§ **WHAT THE TASK ASKS**:
Copy the closing run of lines, from the one with "Valencia se reúne con la CEMUDIS." through the last line of the listing, exactly and without any pictures.

BEGIN MATERIALS PROVIDED

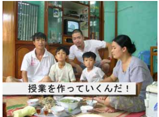
授業を作っていくんだ!
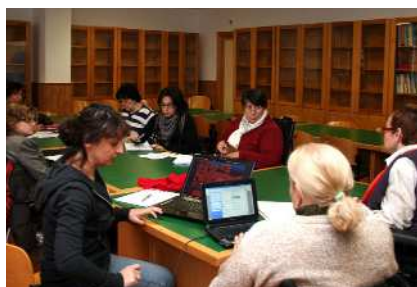
Valencia se reúne con la CEMUDIS.

La nueva organización se encargará de la defensa de los derechos de las mujeres del colectivo y sus principales objetivos pasarán por visibilizar a estas mujeres en la comunidad, potenciar su empoderamiento y ofrecer formación para prevenir
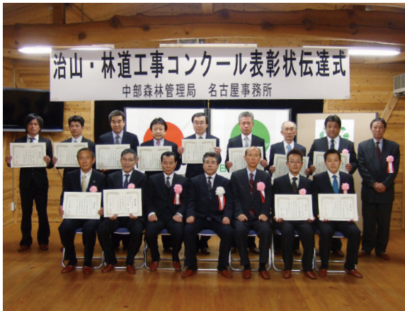
表彰状伝達式 (2月28日:名古屋事務所)
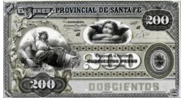
200 Pesos Moneda Nacional Emisor: Banco Provincial de Santa Fe Anverso: Mujer, escudo provincial Reverso: Mujer y ovejas Año: 1882
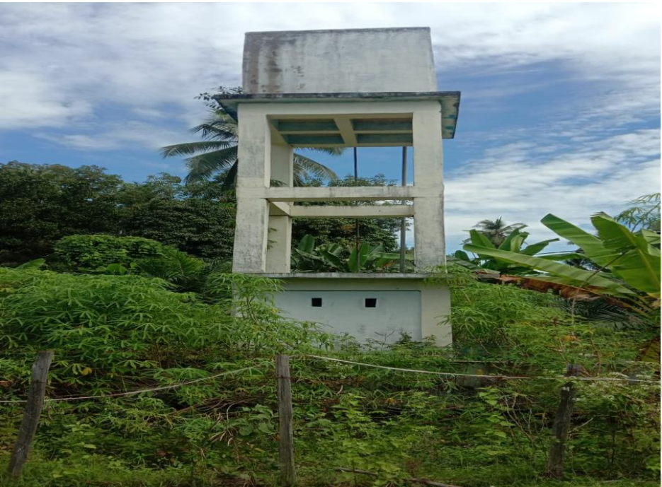
Sumur Bor Desa Saik
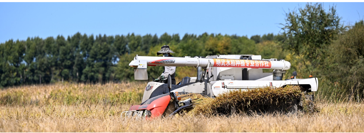
9月26日，农户在内蒙古兴安盟乌兰浩特市义勒力特镇一处稻田收割水稻。 金秋时节，内蒙古兴安盟乌兰浩特市的水稻喜迎丰收。农户们抢抓晴好天气，加紧收割加工。
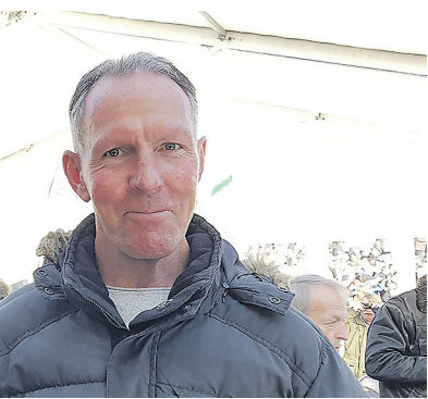
...n traf Markus Söder in Garmisch-Partenkir- ...wie ich.“, sagte er anschließend gutgelaunt.

END MATERIALS PROVIDED

§ **RESPONSE FOR THIS EXERCISE**:
Valencia se reúne con la CEMUDIS.

La nueva organización se encargará de la defensa de los derechos de las mujeres del colectivo y sus principales objetivos pasarán por visibilizar a estas mujeres en la comunidad, potenciar su empoderamiento y ofrecer formación para prevenir
表彰状伝達式 (2月28日:名古屋事務所)
200 Pesos Moneda Nacional Emisor: Banco Provincial de Santa Fe Anverso: Mujer, escudo provincial Reverso: Mujer y ovejas Año: 1882
Sumur Bor Desa Saik
9月26日，农户在内蒙古兴安盟乌兰浩特市义勒力特镇一处稻田收割水稻。 金秋时节，内蒙古兴安盟乌兰浩特市的水稻喜迎丰收。农户们抢抓晴好天气，加紧收割加工。
...n traf Markus Söder in Garmisch-Partenkir- ...wie ich.“, sagte er anschließend gutgelaunt.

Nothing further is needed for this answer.